EXERCISE DETAILS.
Omit every picture, then return the listing verbatim.

INFORMATION PROVIDED.
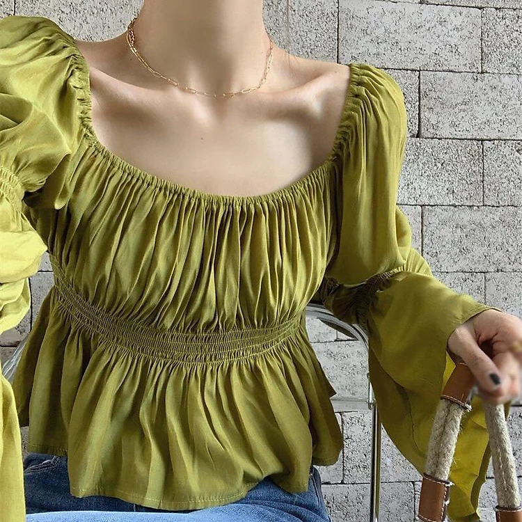Áo kiểu nữ cổ vuông chất lụa mát màu xanh lá
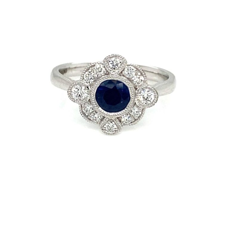 Platinum Round Sapphire & Diamond Vintage Style Cluster Ring
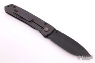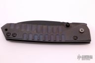 This FIFP EX (Fear is For Prey) by Crusader Forge features a black drop point blade with a single thumbstud.  The handle has an anodized titanium frame with a matching tip up pocket clip.  Light scratches are visible on the blade and frame otherwise the knife is in good condition.

THE COMPLETED TASK.
Áo kiểu nữ cổ vuông chất lụa mát màu xanh lá
 Platinum Round Sapphire & Diamond Vintage Style Cluster Ring
 This FIFP EX (Fear is For Prey) by Crusader Forge features a black drop point blade with a single thumbstud.  The handle has an anodized titanium frame with a matching tip up pocket clip.  Light scratches are visible on the blade and frame otherwise the knife is in good condition.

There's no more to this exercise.